[Input material]

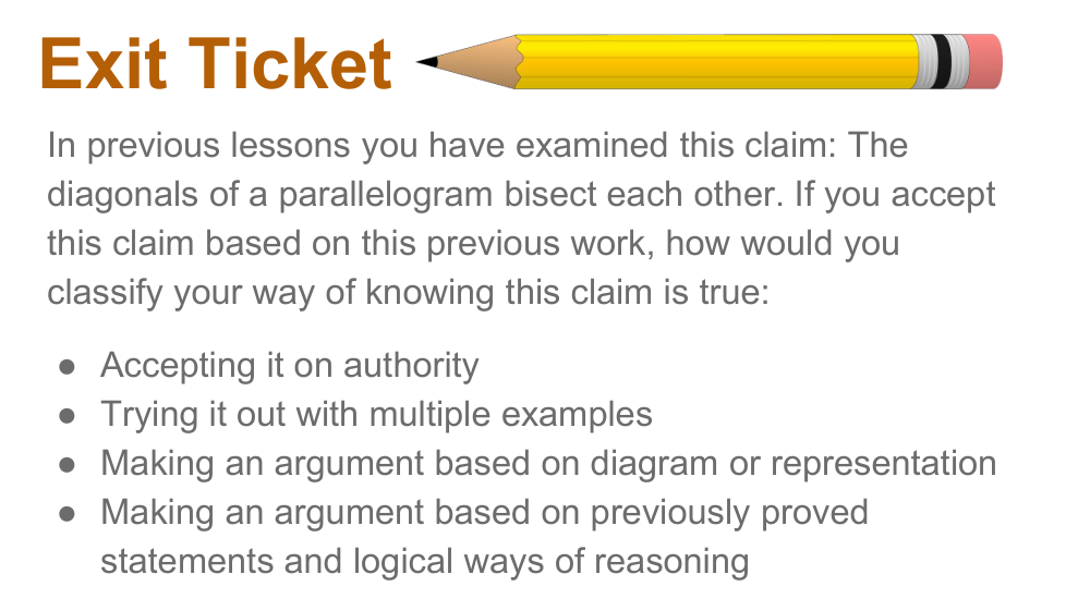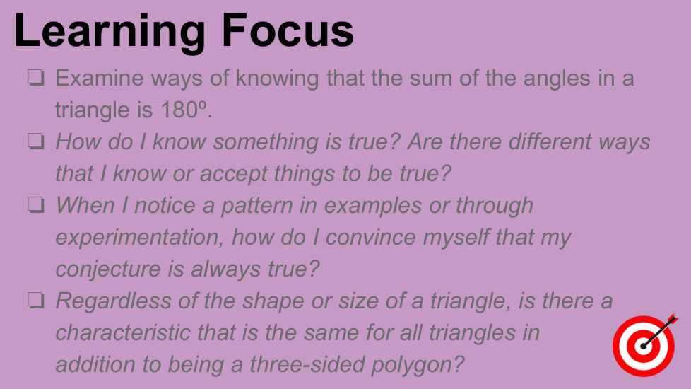 In this lesson, we explored different ways of knowing if something is true, such as basing our knowledge on being told by someone in authority, versus basing our knowledge on experimentation or reasoning with a diagram. We examined these ways of knowing in the context of justifying how we know that the sum of the angles in a triangle is 180o.
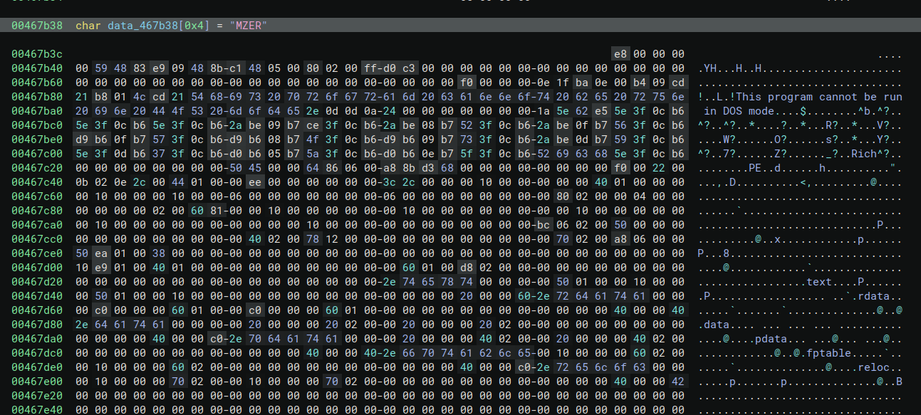 Right after “MZER” there’s the PE COFF header (4c 01 = x64 machine type). This is a 64-bit payload embedded in a 32-bit loader. Interesting.
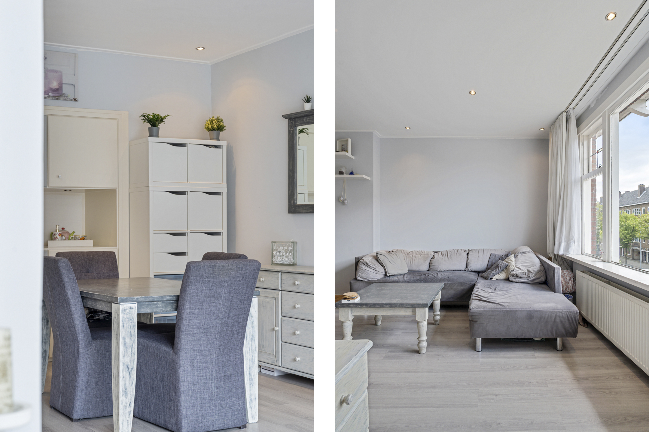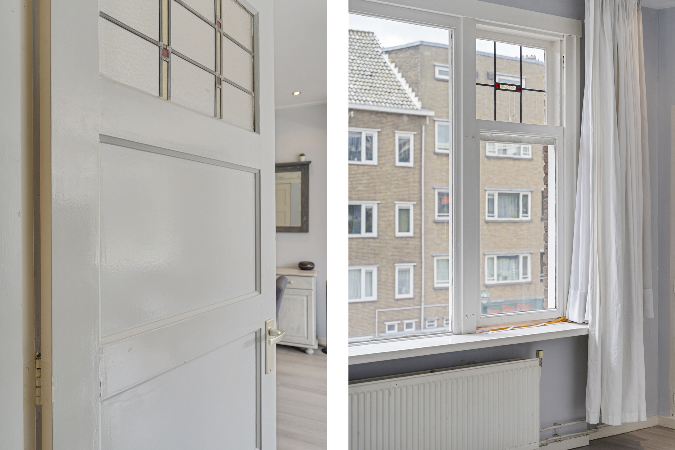 Deze charmante dubbele bovenwoning op de derde en halve vierde verdieping aan de Burgemeester Knappertlaan 268 c in Schiedam biedt verrassend veel ruimte en een warme, authentieke sfeer. Met originele glas-in-loodramen, vaste kasten, drie slaapkamers en een balkon aan de achterzijde is dit een fijne plek om thuis te komen.
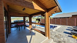Во дворе коттеджа индивидуальный бассейн с подогревом и гидромассажем, также мангальная зона и зона отдыха, и все это с видом на озеро!
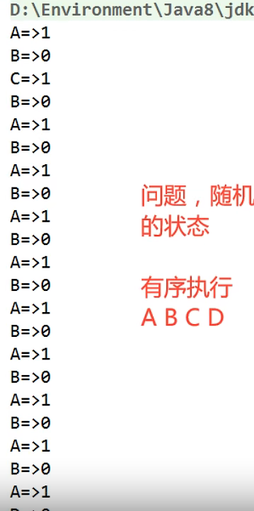 import java.util.concurrent.locks.ReentrantLock;public class B {public static void main(String[] args) {Data01 data01 = new Data01();new Thread(() -> {for (int i = 0; i < 10; i++) {data01.printA();}}, "A").start();new Thread(() -> {for (int i = 0; i < 10; i++) {data01.printB();}}, "B").start();new Thread(() -> {for (int i = 0; i < 10; i++) {data01.printC();}}, "C").start();new Thread(() -> {for (int i = 0; i < 10; i++) {data01.printD();}}, "D").start();}
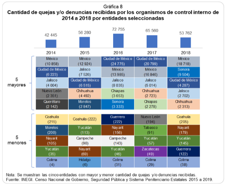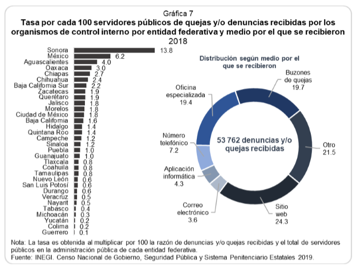 - Aguascalientes presentó en 2018 una tasa de cuatro denuncias o quejas recibidas por los órganos internos de control por cada 100 servidores públicos
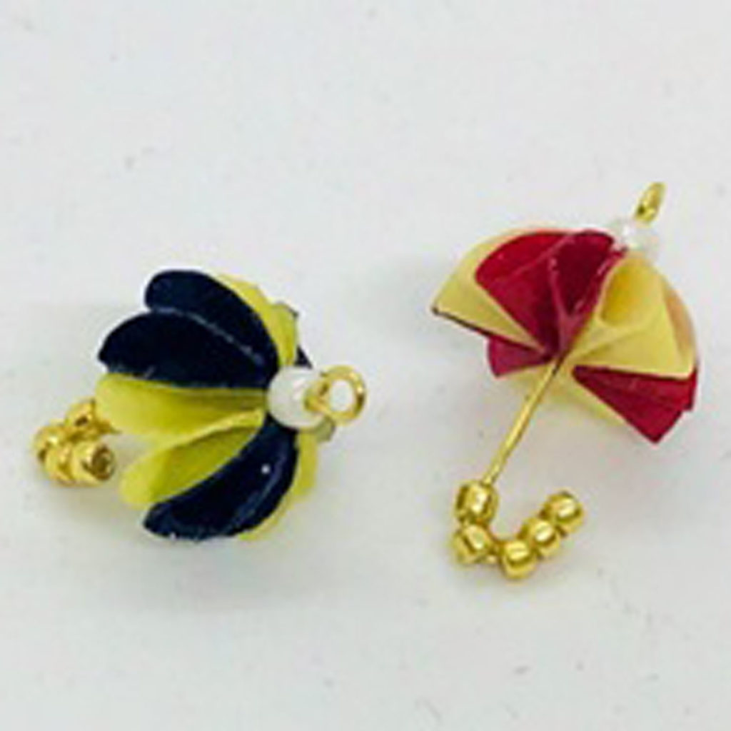 - 4分の1に折った状態のドット6枚の外側にボンドをつけ、中心に白ビーズを通した9ピンを挟み、一周張り合わせる。
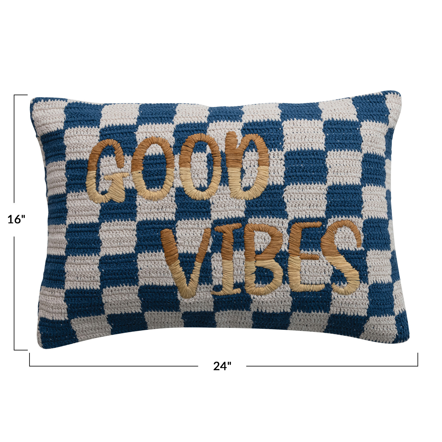 Cotton Crocheted Check Lumbar Pillow w/ Embroidered "Good Vibes"
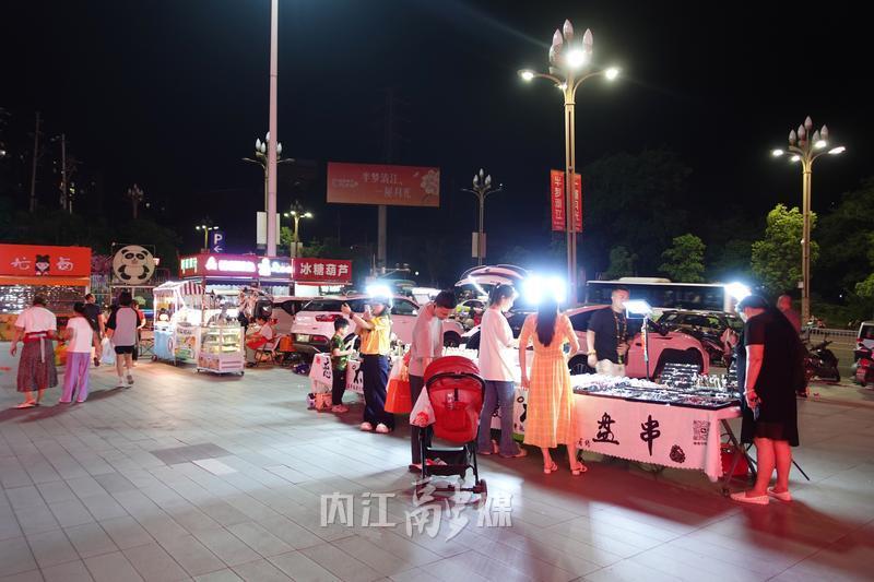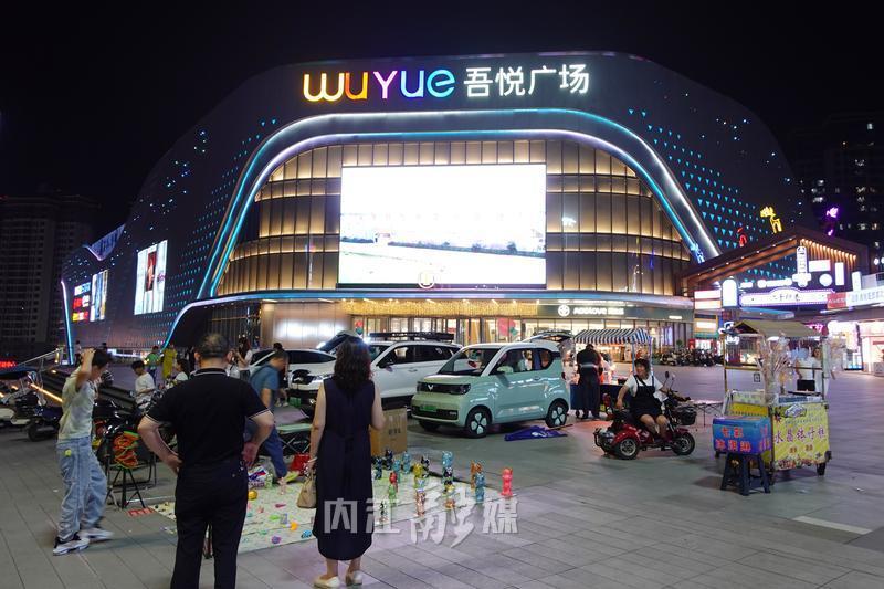 在吾悅廣場(chǎng)門(mén)前,幾輛新能源汽車打開(kāi)后備箱,變身成為臨時(shí)攤位,售賣手工串珠飾品;三元匯的大排檔里,服務(wù)員端著紅彤彤的龍蝦穿梭于餐桌之間;石羊大道上,騎行愛(ài)好者們?nèi)齼蓛山Y(jié)伴而行——這是2025年夏季,內(nèi)江城南新區(qū)夜晚的日常畫(huà)面。

[Required work]
Leave every picture out and output the records exactly.

[Your response]
 In this lesson, we explored different ways of knowing if something is true, such as basing our knowledge on being told by someone in authority, versus basing our knowledge on experimentation or reasoning with a diagram. We examined these ways of knowing in the context of justifying how we know that the sum of the angles in a triangle is 180o.
 Right after “MZER” there’s the PE COFF header (4c 01 = x64 machine type). This is a 64-bit payload embedded in a 32-bit loader. Interesting.
 Deze charmante dubbele bovenwoning op de derde en halve vierde verdieping aan de Burgemeester Knappertlaan 268 c in Schiedam biedt verrassend veel ruimte en een warme, authentieke sfeer. Met originele glas-in-loodramen, vaste kasten, drie slaapkamers en een balkon aan de achterzijde is dit een fijne plek om thuis te komen.
Во дворе коттеджа индивидуальный бассейн с подогревом и гидромассажем, также мангальная зона и зона отдыха, и все это с видом на озеро!
 import java.util.concurrent.locks.ReentrantLock;public class B {public static void main(String[] args) {Data01 data01 = new Data01();new Thread(() -> {for (int i = 0; i < 10; i++) {data01.printA();}}, "A").start();new Thread(() -> {for (int i = 0; i < 10; i++) {data01.printB();}}, "B").start();new Thread(() -> {for (int i = 0; i < 10; i++) {data01.printC();}}, "C").start();new Thread(() -> {for (int i = 0; i < 10; i++) {data01.printD();}}, "D").start();}
 - Aguascalientes presentó en 2018 una tasa de cuatro denuncias o quejas recibidas por los órganos internos de control por cada 100 servidores públicos
 - 4分の1に折った状態のドット6枚の外側にボンドをつけ、中心に白ビーズを通した9ピンを挟み、一周張り合わせる。
 Cotton Crocheted Check Lumbar Pillow w/ Embroidered "Good Vibes"
 在吾悅廣場(chǎng)門(mén)前,幾輛新能源汽車打開(kāi)后備箱,變身成為臨時(shí)攤位,售賣手工串珠飾品;三元匯的大排檔里,服務(wù)員端著紅彤彤的龍蝦穿梭于餐桌之間;石羊大道上,騎行愛(ài)好者們?nèi)齼蓛山Y(jié)伴而行——這是2025年夏季,內(nèi)江城南新區(qū)夜晚的日常畫(huà)面。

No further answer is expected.